Vanity Fair Reports on the Knoedler


Vanity Fair has an article on the troubles surrounding Anne Freeman and the forgery allegations called A Question of Provenance.  The full article is in the May issue of Vanity Fair, but parts of it are online.

I travel to Tempe next week for the ISA Annual conference and will probably hold off reading the full article until I am on the plane.

Vanity Fair reports
Ann Freedman had come to Knoedler one last time.

On a mid-February day, she approached the mansion at 19 East 70th Street, where New York’s most venerable art gallery used to be, before its sudden, shocking closing last fall amid forgery allegations. “It’s amazing to think that this institution never stopped for 165 years,” she said. “It didn’t stop during the Civil War, World War I, World War II … I kept it open on 9/11.”

Now the doors were locked, the building cleaned out. The new owner was about to take possession. Knoedler’s former director had wangled a walk-through: a chance, as she put it, to be the last one in and the last one out of this gallery that had once sold Raphaels and Vermeers to Mellons and Fricks. She seemed not to wonder whether she was part of the reason these rooms were now empty.

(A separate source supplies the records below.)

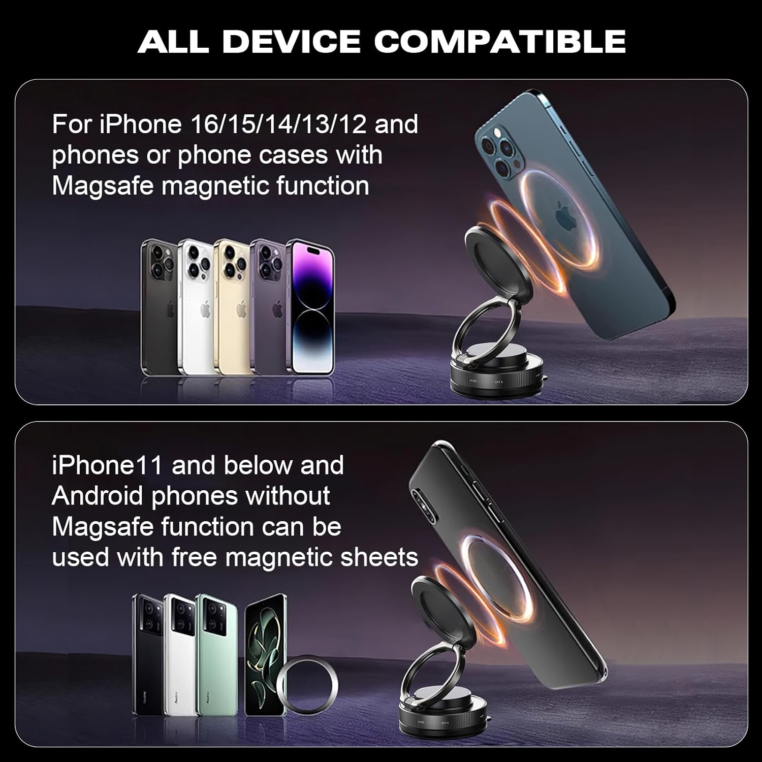 - 【Universal Fit】This vipbu phone mount is compatible with all smartphones. Suitable for iPhone 12 and above models or phone cases with Magsafe magnetic function. No additional patches are required and it can be used directly. iPhone 11 and below models and Android phones without Magsafe function can be used with the free magnetic sheet
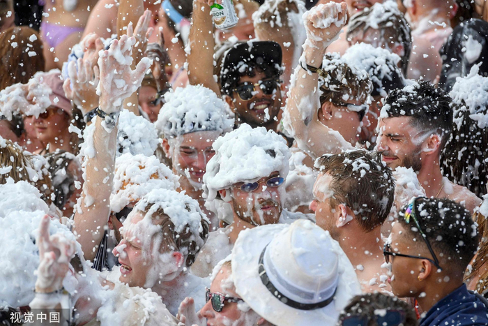丹麦罗斯基勒,当地举办罗斯基勒音乐节,民众身上覆满泡沫。TORBEN CHRISTENSEN /视觉中国
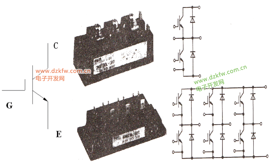 IGBT是MOS和GTR取長補短相結合的產物,具有柵極G、集電極C、和發射極E的三個引出端。

Freedman is 63 now; tall and gaunt, with silver corkscrew curls and round wire-rimmed glasses, she is given to stylish pantsuits and dramatic belts. She’s genial but somehow remote, the sort who seems to talk mostly to control the airspace.

“The significance of this institution,” she declared, “will not rest on the David Herbert collection.”

But it will.
To read more of this Vanity Fair post, click HERE.

 Another Vanity Fair online post reports


“The works are of a five-star quality. Maybe a few are four-star, but mostly five-star, which is why they’ve stirred such attention,” Ann Freedman, former director of the Knoedler gallery, tells contributing editor Michael Shnayerson of the David Herbert collection in the May issue of Vanity Fair. Touted by Freedman as one of the great troves of unknown Abstract Expressionist works, the collection instead brought scandal to the venerable Knoedler, which shut its doors last November amid allegations it sold forgeries, including the threat of a lawsuit from Pierre Lagrange, a London hedge-fund executive. (Knoedler has said that the closing was a business decision unrelated to the Lagrange suit.) Shnayerson investigates the events that brought such a bizarre and sudden end to what was, not so long ago, one of the world’s best-known art galleries and a New York institution.

According to Freedman, the paintings—attributed to painters including Willem de Kooning, Robert Motherwell, Mark Rothko, Clyfford Still, and Barnett Newman—came to the gallery from Glafira Rosales, a Long Island woman virtually unknown in the art world, who claimed to represent an anonymous owner. Rosales is now a subject of investigations by the F.B.I. and the U.S. Attorney’s Office, which has impaneled a grand jury. Untitled 1950, a painting attributed to Jackson Pollock, was among the works that were sold by Knoedler for tens of millions of dollars without ever being authenticated. “Because we haven’t yet sorted out the provenance doesn’t mean there’s no provenance,” Freedman says.